WASHINGTON (BLOOMBERG) - Sexual harassment allegations against billionaire casino mogul Steve Wynn could handicap the Republican Party's fundraising as it gears up for the midterm elections, with some in the party questioning how he can remain as the GOP's top fundraiser.

Wynn, the founder of Wynn Resorts Ltd and the finance chairman for the Republican National Committee, paid US$7.5 million (S$9.8 million) to settle claims brought by a former manicurist at his resort who said he pressured her to have sex with him, the Wall Street Journal said Friday. The report contained numerous other allegations of harassment and coercion by other women.

Wynn, who turns 76 on Saturday, denied the allegations. "The idea that I ever assaulted any woman is preposterous," he said in a statement.

The board of directors of Wynn Resorts met and formed a special committee comprised of independent directors to investigate the allegations, CNBC said in a Twitter post, citing a statement issued by the board.

Committee members contacted by Bloomberg said they first learned of the allegations from news reports.

One, who asked not to be identified because he wasn't authorized to speak for the party, said that in his view the GOP couldn't keep Wynn in such a high-profile position given the nature of the accusations.

Under Wynn, the RNC set a fundraising record in 2017 for a non-election year. It ended November with US$33.5 million more in the bank than its Democratic counterpart, thanks in part to the big donors Wynn can attract.

"Losing him would hurt fundraising. He has been a tremendous asset," said Dan Eberhart, chief executive officer of oilfield services firm Canary LLC and a Republican fundraiser.


The allegations come at a delicate time for the party, which needs to maintain its financial edge as it faces a wave of retiring House incumbents and an expensive Senate race in Florida.

The party is also struggling to improve its standing with women after its reputation was bruised last year in Alabama.

Roy Moore, the party's candidate for what had been one of its safest Senate seats, lost after allegations arose that he had sexually assaulted a 14-year-old girl when he was in his mid-30s and had pursued other teenagers.

Republicans also have to contend with the fact that President Donald Trump, who personally asked Wynn to be the party's top fundraiser, has come under fire himself for a video in which he made lewd comments while taping the television program "Access Hollywood" in 2005.

Separately, 19 women have accused the president of sexual misconduct.
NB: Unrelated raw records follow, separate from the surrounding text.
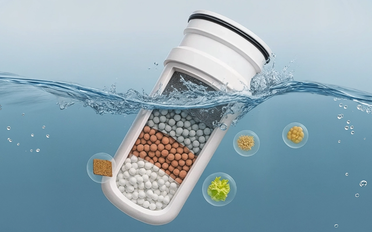 A ceramic element captures rust and sediment at a microscopic level. It ensures only clear liquid flows through for every use.
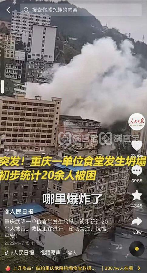 1月7日中午12时10分,重庆市武隆区食堂发生垮塌,疑似食堂燃气泄漏燃爆。据了解现场有26人被困,目前搜救出26人,其中死亡16人,其余人员正在全力救治。
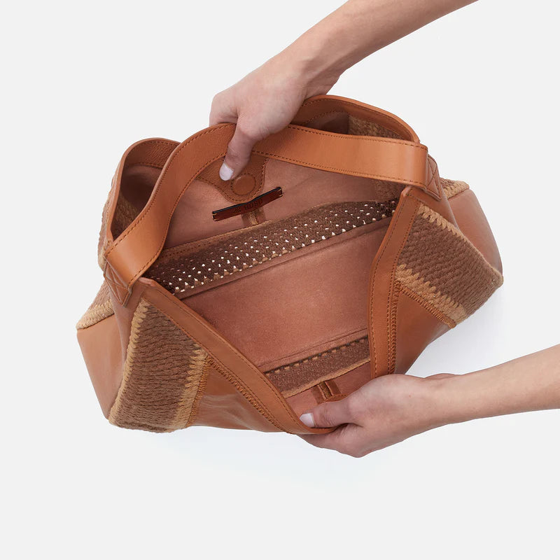 The Hobo Bags Daisy has a leather exterior embellished with crocheting, a convenient top zipper, and is roomy enough to store all your essentials!
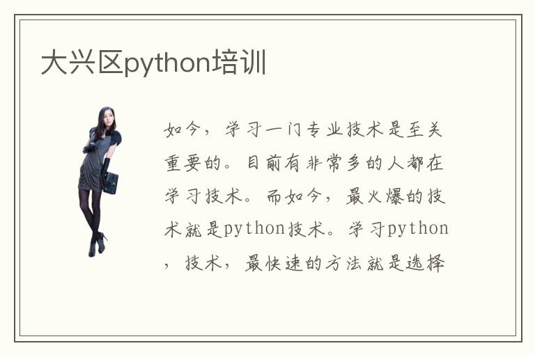 如今,学习一门专业技术是至关重要的。目前有非常多的人都在学习技术。而如今,最火爆的技术就是python技术。学习python,技术,最快速的方法就是选择到专业的培训班里面去学习。大兴区python,培训班就是非常专业。在这里面学习可以学到非常多的专业知识。而且大兴区python,培训班,学习环境非常的好。特别适合学习。学习起来,python技术,非常的轻松。也可以掌握的非常多的专业知识。在工作方面有更多的选择。与别人竞争也比较有优势。想要把python,技术学好的话,就选择到大兴区python培训python培训班。很多在大兴区pyton,培训班里面学习过的学员,都学到了专业知识。现在也都取得了,不错的成就。
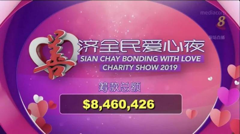 《善济全民爱心夜》本次电视筹款晚会募集善款的目标是500万元,以用于支持每年运营开支700万以及增补建国一代医疗基金。最后的筹款总额竟然达到S$8,460,426,超出目标300多万。
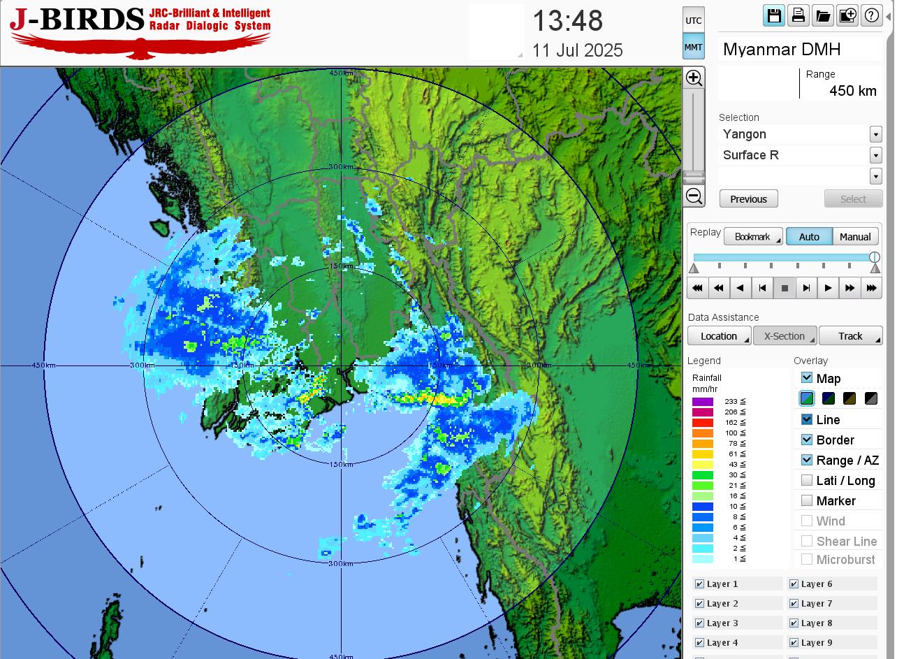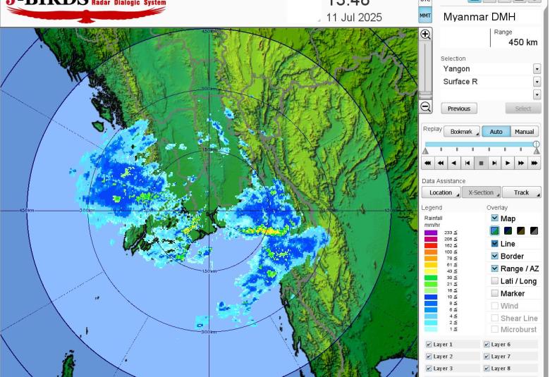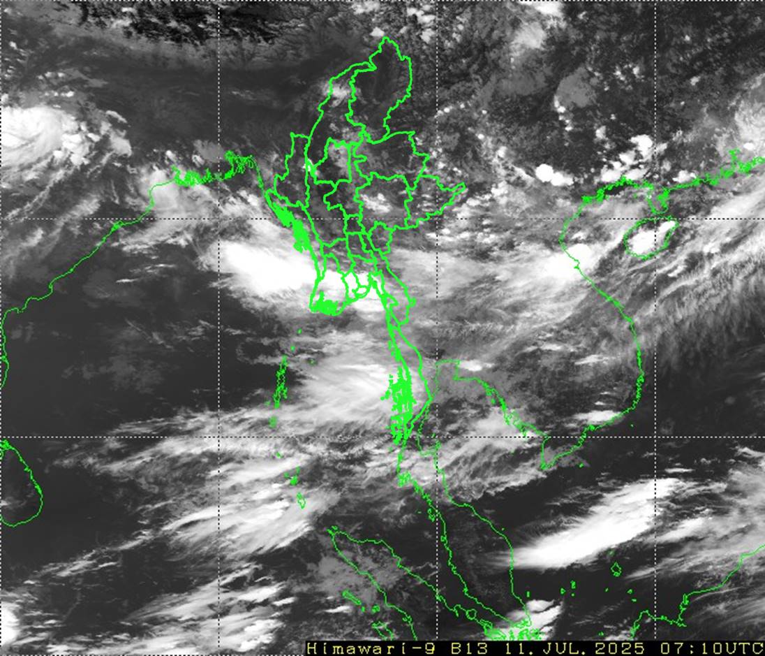 မိုးတိမ်တောင်ဖြစ်ပေါ်မှုအခြေအနေ။ ရန်ကုန်တိုင်းဒေသကြီး၊ ပဲခူးတိုင်းဒေသကြီး၊ ဧရာဝတီတိုင်းဒေသကြီး၊ တနင်္သာရီတိုင်းဒေသကြီး၊ မွန်ပြည်နယ်နှင့် ရခိုင်ပြည်နယ်တို့တွင် မိုးတိမ်တောင်များ ဖြစ်ထွန်းလျက်ရှိပြီး၊ အဆိုပါ မိုးတိမ်တောင်များ ရွေ့လျားရာနေရာ တစ်လျှောက်တွင် မိုးရွာသွန်းခြင်းနှင့်အတူ လေပြင်းတိုက်ခတ်ခြင်း၊ မိုးထစ်ချုန်းခြင်း၊ မိုးကြိုးပစ်ခြင်း၊ လျှပ်စီးလက်ခြင်းနှင့် မိုးသီးကြွေခြင်းစသည့် မိုးလေဝသဖြစ်စဉ်များ ဖြစ်ပေါ်နိုင်ပါသဖြင့် ကြိုတင်သတိပြုနိုင်ပါရန် အကြံပြုအပ်ပါသည်။
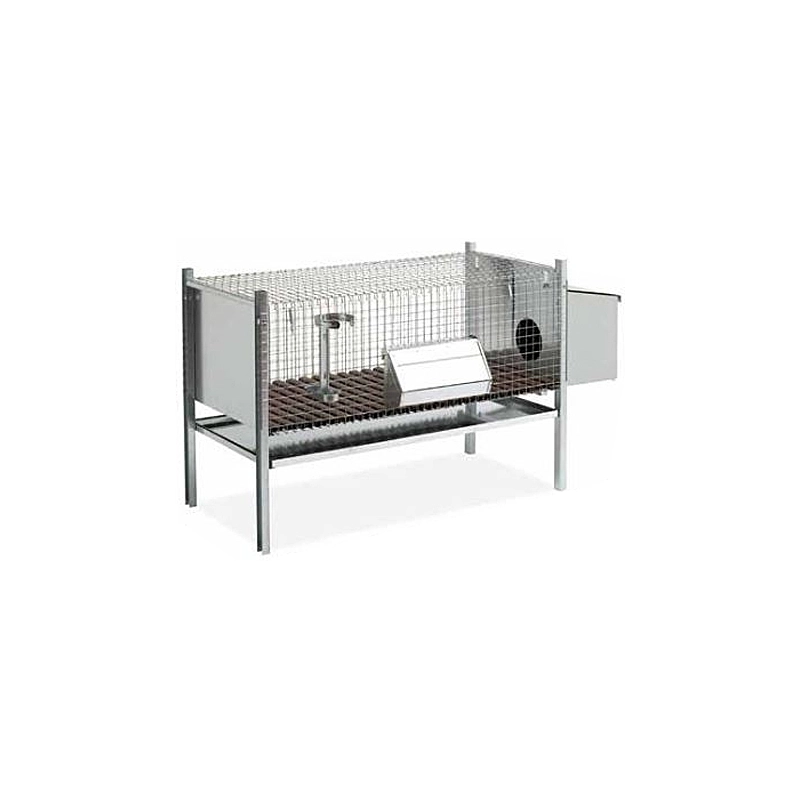 Gabbia ad uno scomparto con fondo in plastica sovrapponibile con accessori tappi da ordinare separatamente. Con nido per fattrice. Altezza interna 33 cm. Dimensioni 53x128x70h cm. Completa di abbeveratoio portabottiglie, mangiatoia a 3 settori e padella.

As powerful men across an array of industries have been accused of harassing and abusing women, both parties have had to deal with misconduct allegations in their ranks.

Democrats forced high-profile incumbents, including Senator Al Franken of Minnesota and Representative John Conyers of Michigan, to resign.

Representative Blake Farenthold, a Texas Republican, decided not to seek re-election after a report surfaced that he used US$84,000 of taxpayer money to settle a sexual-harassment complaint brought by a former aide.

Republicans have been critical of Democrats for accepting money from the movie producer Harvey Weinstein, who was a prolific fundraiser for the party as well.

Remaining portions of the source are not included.